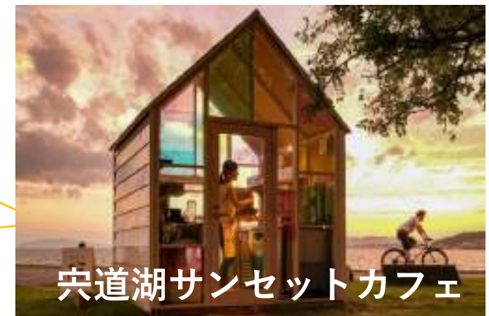
宍道湖サンセットカフェ
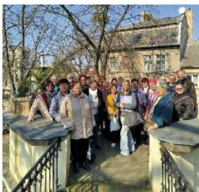
A Püspöki Palota Vác egyik legszebb látványossága

Sok élménnyel és kissé fáradtan értünk haza.

——

WHAT TO PRODUCE => The listing is to be repeated exactly, with its pictures removed.

WRITTEN SOLUTION =>
宍道湖サンセットカフェ
A Püspöki Palota Vác egyik legszebb látványossága

Sok élménnyel és kissé fáradtan értünk haza.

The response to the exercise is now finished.